In terms of presentation, most of the space is taken in introductory material, related work descriptions and a system description of the YASGUI tool (7 pages, results are 6 pages, and conclusions and references 2 pages). While these sections are interesting to read, the analysis section feels a bit thin on the ground in comparison to the rest of the paper. Moreover, it would be good if the authors could tie the results and analysis that are presented to their original goals.

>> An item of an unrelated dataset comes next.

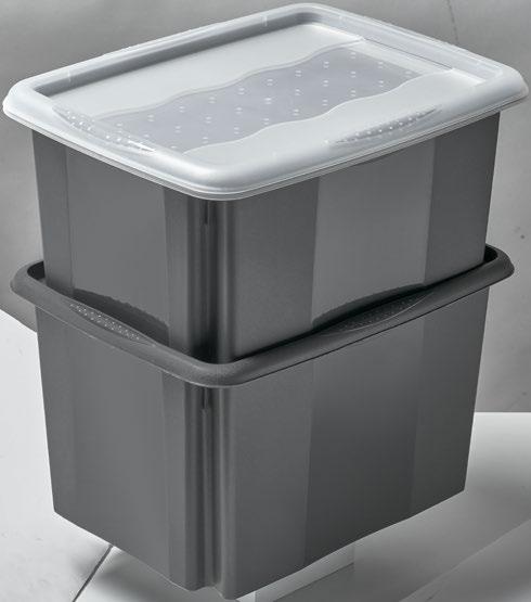 1 Skrzynka obrotowa Emil bez pokrywki poj. 30 l, kolor grafitowy Dzięki unikalnemu systemowy skrzynki bez pokrywki można ustawić jedna na drugiej lub wkładać jedna do drugiej po obróceniu o 180°. Dostępna również poj. 45 l. nr OBI 7234248

The conclusion summarises the main results of the paper and I'm please that the authors begin by noting that the results are biased. However, as stated above, they could have more of discussion about this and I still think some of the claims in the conclusion are inappropriate and exaggerated. For example, "This gives unprecedented insight into how we actually use the Linked Data cloud, and what part of the linked data cloud we use". It doesn't really - it gives an insight into the parts of the linked data cloud used by whoever the 2,974 YASGUI are (other tools might produce different results, not to mention the use of the Web of data by other applications). Furthermore, there aren't enough details to assess who these users are or what they were trying to accomplish with YASGUI (whether they were just playing with it or trying to get some serious data analysis done). As the results stand, they are only applicable to this tool and only applicable to the users who actually used this tool. The authors should perhaps tone down some of the presentation so that it is clear that they are presenting YASGUI and the data obtained from this tool and not results on the Web of data in general. As part of this, I would also say that a more specific title for the paper is needed that at least mentions YASGUI and that the data is specific to this tool.
The authors finish off off the conclusion with, "This paper introduces a tool, dataset and methodology that increase[s] our knowledge of the use of Linked Data". Again, I think this is too strong, but you are right, you do present a tool, data set and methodology and this is a valuable contribution - stick to this line, don't exaggerate the results and make the limitations clear, and I think that you'll have a decent paper.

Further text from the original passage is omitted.